### [Work order]
The entries below contain pictures. Write out only the lines from the line with "The Onda Pendant" up to and including the line with "Das Hotel D", exactly, without them.

Records contained in a dataset:
══════════════════════════════

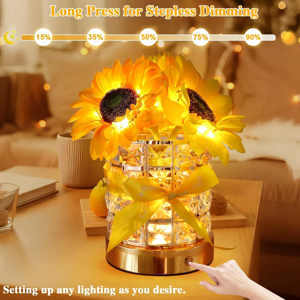【Perfect Gifts For Mom Women Girls】Sunflower is like a young girl standing in a pavilion, golden petals in the lights seems to be very delicate, the piece of delicate petals like carved with gold, exudes a charming light.This golden, never-fading sunflower will make the perfect gift when combined with a crystal glass lamp!Mom Mothers Day gifts for her,Valentine Day gifts for women. Christmas gifts from daughter,Birthday gifts for teenage girls. Grandma gifts. Romantic Sweet Warm Gifts for her 【Sunflower Bedside Decor lamp】This is an innovative aesthetic lamp! Artificial sunflowers with vase combine the LED lights source of flower bonsai with highly simulated plants, the whole plant is real and natural. When the LED light is turned on, the bright and soft light spreads through the clear crystal vase. Sunflower artificial flower lamp are very suitable for bedrooms, living rooms, study, children's rooms, kitchen, dining table, nightstands, desktop decoration. 【3 colors are adjustable】 This crystal table lamp is available in three colors that can be adjusted, and with the touch of a switch, you can adjust different lights to suit different scenes. White light is good for office, yellow light is good for dating, and warm light is good for night light. 【Stepless Dimmable Bedside Lamp】Cute flower desk lamp use touch switch. Just long press the buttons at the bottom to easily control the lights. You can use it without insertion. Sunflower cordless table lamp have adjustable brightness levels. The lights are soft and not dazzling. They can be used as night light, bedside lamp, ambient light, reading lights, and nursy lights. It is an excellent to your home decoration. 【Creative Eternal Sunflower Gift】Sunflower symbolizes hope, light and enthusiasm. If you are looking for a special gift, then our sunflower lamp will not disappoint you. Eternal sunflower flower lamp are given to Mom, Dad, grandma, wife, , girlfriend, sisters, friends cute gifts. Those love and blessings that have not been said, Sunflower table lamp will help you convey
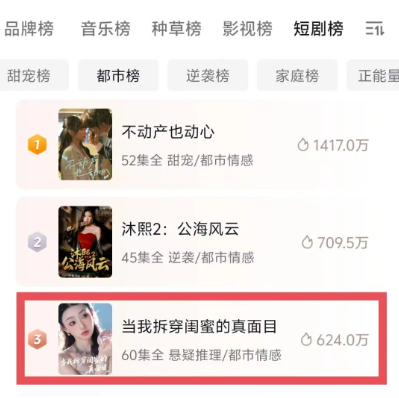 6 月 23 日,由海直播、妙笔华章出品,八爪互娱、圣昱科技、东坡老家联合出品的都市情感短剧《当我拆穿闺蜜的真面目》正式热播。该剧是中国微短剧产业合作联盟 “百部精品短剧计划” 最新力作,通过集结行业精锐匠心打造,展现出海直播深耕微短剧领域、引领精品内容创作的坚定步伐。 该剧由丁黎平、柳昭君、申玉红、孟钰辰担任总出品人;张靖、钱勇、韩雪飞、崔聪任出品人;成洪荣任总监制;艾然任总编;许颢担纲导演。 上线首日跻身都市榜top8,48小时内跃升至都市榜top3。
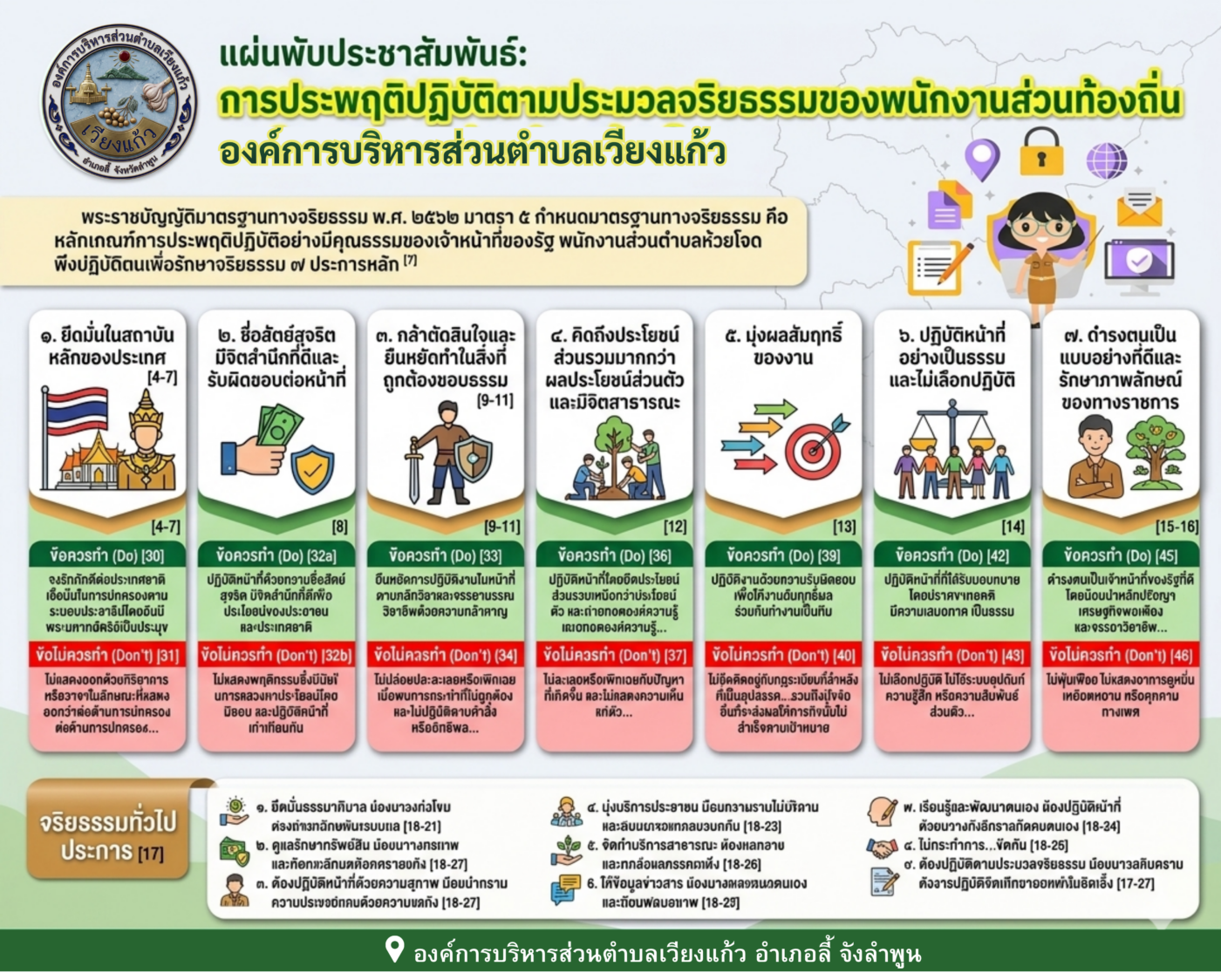 ประชาสัมพันธ์ การประพฤติปฏิบัติตามประมวลจริยธรรมของพนักงานส่วนท้องถิ่น องค์การบริหารส่วนตำบลเวียงแก้ว
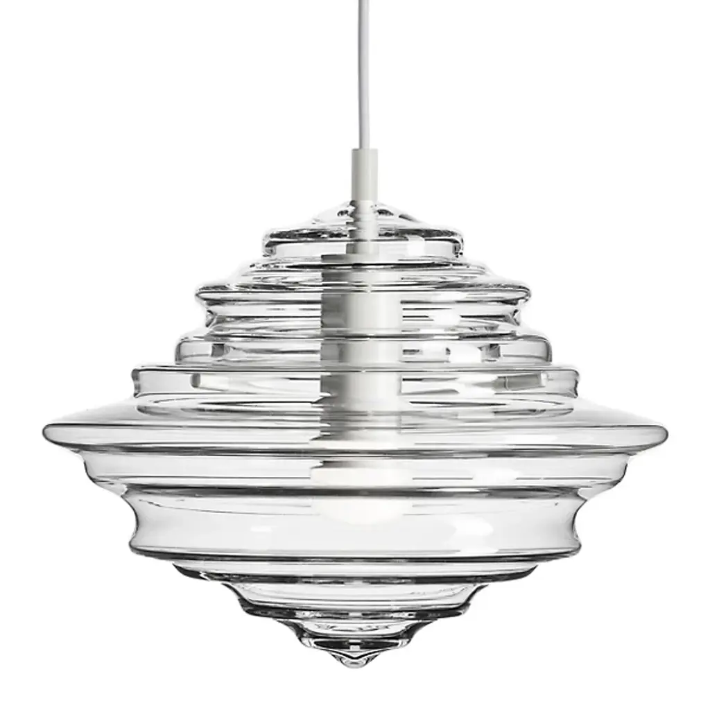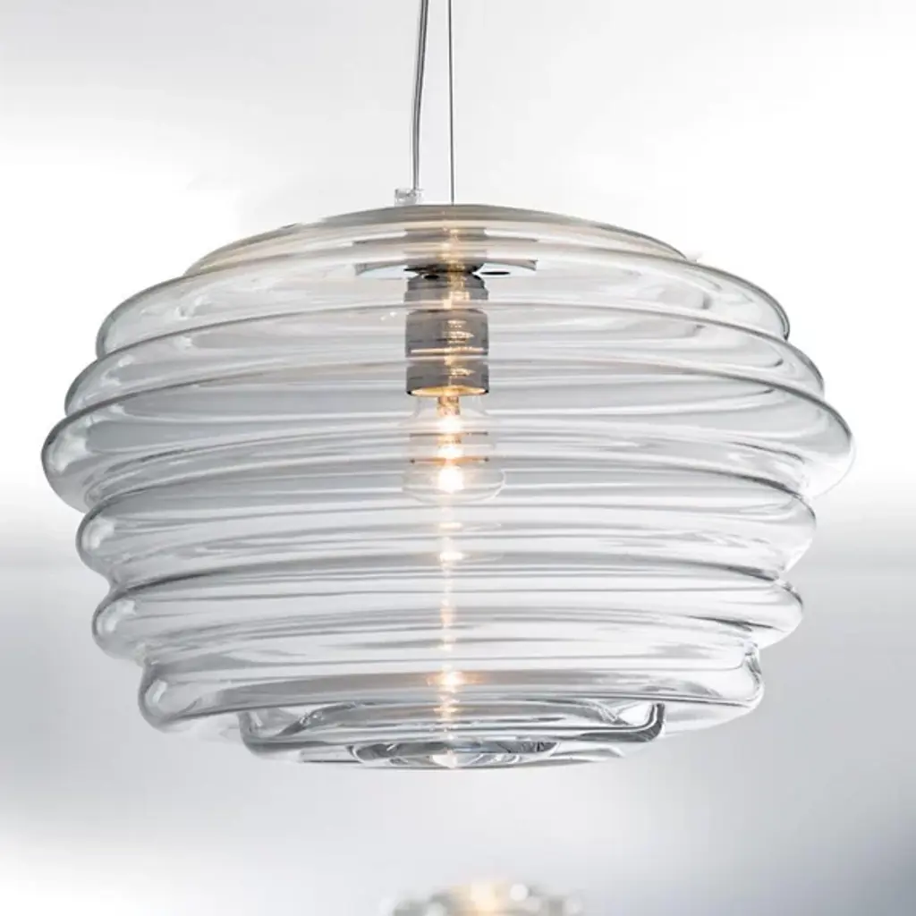 The Onda Pendant by Mazzega 1946 was designed by Giovanni Barbato and brings a flowing, sculptural feel to the spaces it brightens. This pendant was inspired after throwing a rock into a lake and watching the equidistant waves and circles expand. Playing with volume and light, the handworked glass shade featured in this piece is given a characteristic look thanks to horizontal ripples that produce a soft, textured effect as the glass underneath varies in thickness, creating a lovely space for light to filter through.
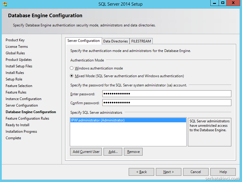 Database Engine Configuration adımında, SQL Server 2014 Database Engine servisine yönetici olarak erişirken kullanılacak kimlik doğrulama (Authentication) yöntemi belirlenir.
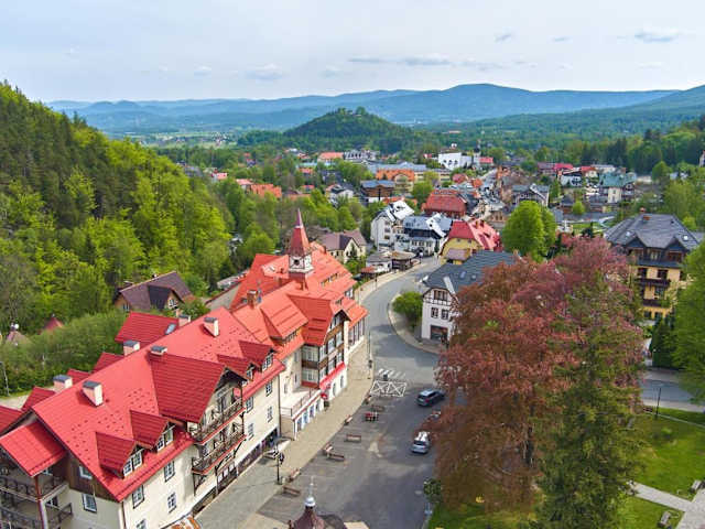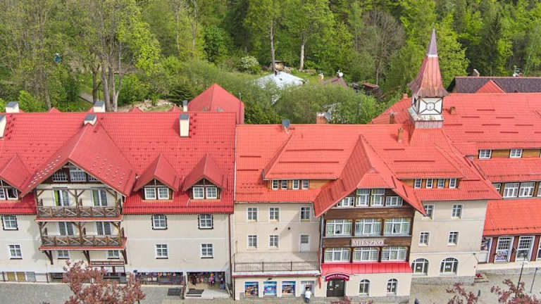 Das Hotel D W Mieszko liegt im beliebten Ferienort Krummhübel (Karpacz) im schönen Riesengebirge. Die Umgebung bietet zahlreiche Freizeitaktivitäten, darunter die Łomnica-Wasserfälle und die Skisprungschanze Orlinek, die beide in unmittelbarer Nähe von nur 100 Metern erreichbar sind.
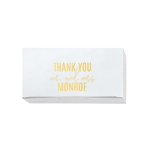 Zoom Show guides Loading product Thank You Mr and Mrs Box Tote Bag Box Design ID: 2263969 Click on swatch to see options Choose Your Product Color Active Color Natural Natural White Choose Your Imprint Foil Color Active Color Shiny Foil Shiny Foil Metallic, lustrous finish. *Specialty patterned foil may vary on final print Shiny Champagne Shiny Sterling Silver Shiny 18 Kt Gold Shiny Kiwi / Lime Shiny Leaf Shiny Jade Shiny Royal Blue Shiny Amethyst Shiny Fuchsia Shiny Rose Quartz Shiny Rose Gold NEW Shiny Merlot Shiny Convertible Red Shiny Poppy Shiny Copper *Shiny Holographic Gold *Shiny Holographic Silver *Shiny Rainbow Matte Foil Matte Foil Flat finish. Matte NEW Chocolate Matte Black Matte Slate Gray Matte Dove Grey Matte White Matte Ivory Matte Mimosa Yellow Matte Sunflower Matte Key Lime Matte Leaf Matte Spruce Matte Teal/Peacock Matte Azure Matte Royal Blue Matte Navy Matte Amethyst Matte Pastel Pink Matte Ballet Pink Matte Fuchsia Matte Lipstick Red Matte Merlot Matte Tangerine Satin Foil Satin Foil Muted sheen, brushed finish. Satin Sterling Silver Satin 18 Kt. Gold Satin Copper Penny Satin Fuchsia Satin Lipstick Red Satin Leaf Satin Teal / Peacock Satin French Blue Satin Plum Choose Your Tissue Color Active Color Tissue Paper Tissue Paper Red 8 sheets Turquoise 10 sheets Lavender 10 sheets Pink 8 sheets None Royal Blue 10 sheets Out Until: 2025-11-27 Ivory 10 sheets Out Until: 2025-10-30 Fuchsia 10 sheets Out Until: 2025-10-30 Light Blue 10 sheets Out Until: 2025-10-30 Black 10 sheets Out Until: 2025-10-29 Brown 10 sheets Out Until: 2025-10-30 Personalize Your Text Line 1 Personalize further with different fonts, graphics, positioning, and sizes. (Optional) Customize More Choose Your Quantity Subtotal PRICE INCLUDES: Select a Proof Option: Print As Is I confirm that I have reviewed my design and I understand it will be produced as shown and no proof will be provided. Digital Proof + $15 I would like an expert FYP designer to look at my design, make minor corrections if necessary, and send me a black and white proof before the order is produced. Orders delivered as soon as 11.05.2025. Exclusions apply. Share Your Design About This Design Custom Matte Black Cake Box with Matte Black Foil can be personalized to match your party's exact theme and tempo. Product Details Product Details Minimum order of 50 Measures 3.5" by 1.75" by 5" Expedited shipping options available. Product Description Product Description Our Custom Tote Bag Boxes, the ultimate choice for adding a personal and stylish touch to your event favors and gifts! When you opt for these customizable boxes from For Your Party, you're ensuring that your giveaways and presents stand out from the crowd. These versatile boxes are perfect for a wide range of occasions, including weddings, bridal showers, corporate events, and fundraisers. Designed for your convenience, they are the perfect size to add a variety of sentimental items that your guests will cherish. With a variety of design options available, you can personalize these boxes to match your event's theme or your brand's identity. Not only do they enhance the presentation of your gifts, but they also offer practicality and protection. Elevate your party planning with For Your Party's Custom Tote Bag Boxes, making your event favors and gifts truly memorable. Explore our selection of favor boxes! Product Options Tote Bag Box Cake Box Candy Box Square Gift Box Mug Gift Box Related Products Tote Bag Box Cake Box Candy Box Square Gift Box Mug Gift Box
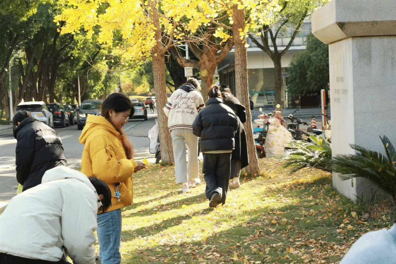 图1:学生们在金黄银杏树下拾叶,静享秋日的温暖与自然的馈赠。

══════════════════════════════

### [Completed task]
 The Onda Pendant by Mazzega 1946 was designed by Giovanni Barbato and brings a flowing, sculptural feel to the spaces it brightens. This pendant was inspired after throwing a rock into a lake and watching the equidistant waves and circles expand. Playing with volume and light, the handworked glass shade featured in this piece is given a characteristic look thanks to horizontal ripples that produce a soft, textured effect as the glass underneath varies in thickness, creating a lovely space for light to filter through.
 Database Engine Configuration adımında, SQL Server 2014 Database Engine servisine yönetici olarak erişirken kullanılacak kimlik doğrulama (Authentication) yöntemi belirlenir.
 Das Hotel D W Mieszko liegt im beliebten Ferienort Krummhübel (Karpacz) im schönen Riesengebirge. Die Umgebung bietet zahlreiche Freizeitaktivitäten, darunter die Łomnica-Wasserfälle und die Skisprungschanze Orlinek, die beide in unmittelbarer Nähe von nur 100 Metern erreichbar sind.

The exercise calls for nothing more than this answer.